On the third day, that love broke the grip of death. The stone rolled back, and with it, every ending we thought was final. Resurrection wasn’t just a miracle. It was a revolution.
Because the resurrection means that nothing, not that ancient hiss, not violence, not any kind of ruler, not even death, can separate us from the love of God. It means that the crucified are not forgotten. That wounds are not wasted. That love is stronger than every oppressor. Including that voice inside us that never feels like we belong. And that God’s response to all the brokenness is not vengeance, but life everlasting and eternal.

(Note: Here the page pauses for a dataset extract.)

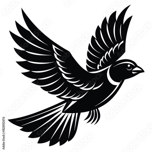 Obraz premium Bird in flight silhouette with spread wings vector illustration for graphic design and creative projects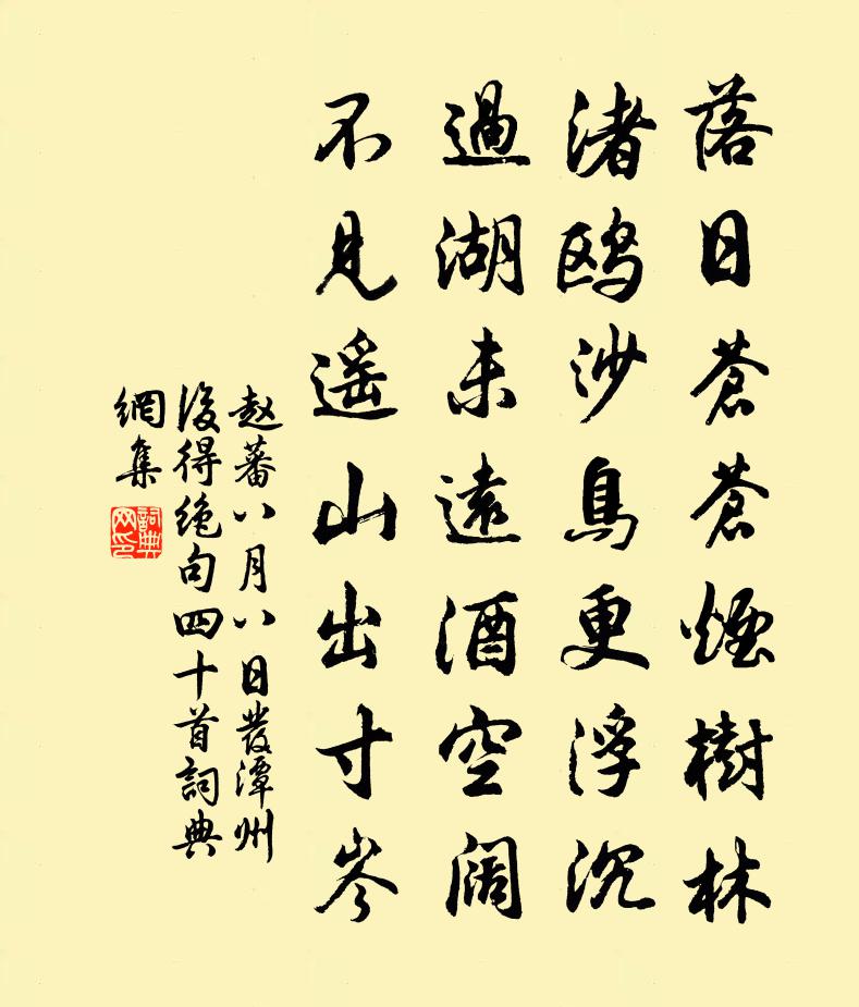 詩詞名句歷史字典書法欣賞書法字典國語詞典說文解字康熙字典古漢語字典標 題 作 者 詩 句 八月八日發潭州後得絕句四十首作者:趙蕃 朝代:宋代原文落日蒼蒼煙樹林,渚鷗沙鳥更浮沉。過湖未遠酒空闊,不見遙山出寸岑。詩詞問答問:《八月八日發潭州後得絕句四十首》的作者是誰?答:趙蕃問:該詩寫於哪個朝代?答:宋代書法欣賞八月八日發潭州後得絕句四十首書法作品詩詞推薦和廖守岳陽樓韻三首王炎〔宋代〕湖水無波亦蹴天,君山蟠結獨巋然。未須弔古懷騷客,聊復憑虛揖呂仙。霽月光風供笑傲,長篇短句總流傳。尊中寄唐州吳辨叔二兄司馬光〔宋代〕方城古稱險,遠在豫州南。近歲汙萊辟,新民秦晉參。當官誠近厚,獲譴說無慚。但惜牆陰竹,歸轅幾日驂。次韻楊廷秀郎中游西湖十絕喻良能〔宋代〕湖波萬頃瀉鎔銀,妙句誰能敵李紳。橈影緩隨紅蓼岸,荷香細著白綸巾。黿頭山神女歌韋應物〔唐代〕黿頭之山,直上洞庭連青天。蒼蒼煙樹閉古廟,中有蛾眉成水仙。水府沉沉行路絕,蛟龍出沒無時節。魂同魍魎潛題上饒亭張祜〔唐代〕溪亭拂一琴,促軫坐披衿。夜月水南寺,秋風城外砧。早霜紅葉靜,新雨碧潭深。唯是壺中物,憂來且自斟。郊廟歌辭。享先蠶樂章。昭慶佚名〔唐代〕仙壇禮既畢,神駕儼將升。佇屬深祥起,方期庶績凝。虔誠資宇內,務本勖黎蒸。靈心昭備享,率土洽休徵。絕命詩徐元娘〔宋代〕毓秀含華十六齡,慈韓口授十三經。奇文不欲撐天地,大節偏教揭日星。何姓移劍亡漢室,誰人復楚乞秦廷。顧從寄河陽王宣徽歐陽修〔宋代〕誰謂蕭條潁水邊,能令嘉客少留連。肥魚美酒偏宜老,明月清風不用錢。況值湖園方首夏,正當櫻筍似三川。自知題青山市汪家店楊萬里〔宋代〕小小樓臨短短牆,長春半架動紅香。楊花知得人孤寂,故故飛來入竹窗。晉謝公賭墅孫元晏〔唐代〕發遣將軍欲去時,略無情撓只貪棋。自從乞與羊曇後,賭墅功成更有誰。寄趙璞釋智圓〔宋代〕故鄉勾踐國,解印掛帆歸。吟苦容雖瘦,官情道自肥。堂幽山屐在,廚冷甑塵飛。莫向雲門下,高歌便採薇。水調歌頭(十之九)夏元鼎〔宋代〕聞道不嫌晚,悟了莫悠悠。過時不煉,今生烏兔恐難留。些子乾坤簡易,不問在朝居市,達者盡堪修。火候無斤兩擢第後入蜀經羅村,路見海棠盛開偶有題詠鄭谷〔唐代〕上國休夸紅杏艷,深溪自照綠苔磯。一枝低帶流鶯睡,數片狂和舞蝶飛。堪恨路長移不得,可無人與畫將歸。手中方響杜牧〔唐代〕數條秋水掛琅玕,玉手丁當怕夜寒。曲盡連敲三四下,恐驚珠淚落金盤。宴林簡州桃園馮時行〔宋代〕樂昌溪東大江頭,脫木老屋風颼颼。開門滿院種桃樹,桃花主人林簡州。明年二月爛照眼,簡州西川醉春晚。憑誰塞下曲張籍〔唐代〕邊州八月修城堡,候騎先燒磧中草。胡風吹沙度隴飛,隴頭林木無北枝。將軍閱兵青塞下,鳴鼓逢逢促獵圍。天寒碧雲亭晚眺二首岳珂〔宋代〕閒步碧雲亭,寒郊弄晚晴。牛羊分暝色,禽鳥有春聲。城柳風猶勁,溪梅冰共清。屋樑正殘照,西望憶長庚。冬夜贈別友人盧綸〔唐代〕愁聽千家流水聲,相思獨向月中行。侵階暗草秋霜重,遍郭寒山夜月明。連年客舍唯多病,數畝田園又廢耕。更送同孫子直和李參政東園韻十絕洪咨夔〔宋代〕辦得蕭蕭水竹居,閉門足了一生娛。坐忘老子慵開眼,強聒痴兒任挽須。婦女之孝二十首東海孝婦林同〔宋代〕如何殺一婦,能致旱三年。婦孝無知者,知之惟老夫。名句推薦畫船捶鼓催君去。高樓把酒留君住。舒亶《菩薩蠻·畫船捶鼓催君去》 見善,修然必以自存也;見不善,愀然必以自省也。善在身,介然必以自好也;不善在身,菑然必以自惡也。荀子《荀子·修身》 長夏村墟風日清,檐牙燕雀已生成。張耒《夏日三首·其一》 十輪霜影轉庭梧,此夕羈人獨向隅。晏殊《中秋月》 王濬樓船下益州,金陵王氣黯然收。劉禹錫《西塞山懷古》 凡與敵戰,三軍必要得其地利,則可以寡敵眾,以弱勝強。佚名《百戰奇略·第四卷·地戰》 不知香積寺,數里入雲峰王維《過香積寺》 聞名不如見面,見面勝似聞名。施耐庵《水滸傳·第三回》 渺萬裡層雲,千山暮雪,隻影向誰去?元好問《摸魚兒·雁丘詞 / 邁陂塘》 他年我若為青帝,報與桃花一處開。黃巢《題菊花》

And the story doesn’t end there. That love lights up a people again with flames and wind at their back. The book of Acts is the story of the church, a movement of ordinary people trying to live extraordinary love: feeding the hungry, confronting injustice, forgiving enemies, building communities of radical welcome, and of course falling short of that charge too.
So, the rest of the New Testament is filled with letters to fragile churches to finally answer that big question of how: How do we live together? How does love work in conflict, in suffering, in difference? And again and again, the answer comes: You are loved. You are part of one body. You are free. You belong. So act like it. Live like it. Love like it.
And then the Bible ends where it began. Revelation, for as much as people treat it like Halloween, is actually a garden, this time set in a city, with a tree in the middle and a river running through it. And it speaks of the day when there is no more death. No more mourning. No more pain. No more loneliness. Only a home. Under renovation. With God. We feel that to be truth in our bones when a baby is born or a loved one dies or some rainbow catches us by surprise.
This is the story of Scripture. But this word doesn’t just live in a book. It lives in you. It lives in how you show up, how you tell the truth, how you share your table, how you walk with the wounded, and how you carry hope into places that have forgotten it’s possible.
This word, trustworthy and true, as Revelation says, we carry it in us. We carry it, however imperfectly, and as we carry it, it will carry us all the way home. Amen. 1
1 With gratitude to Rev. Jenny McDevitt for the inspiration for this sermon and several of its power lines and for Professor Dennis Olson who taught me Leviticus.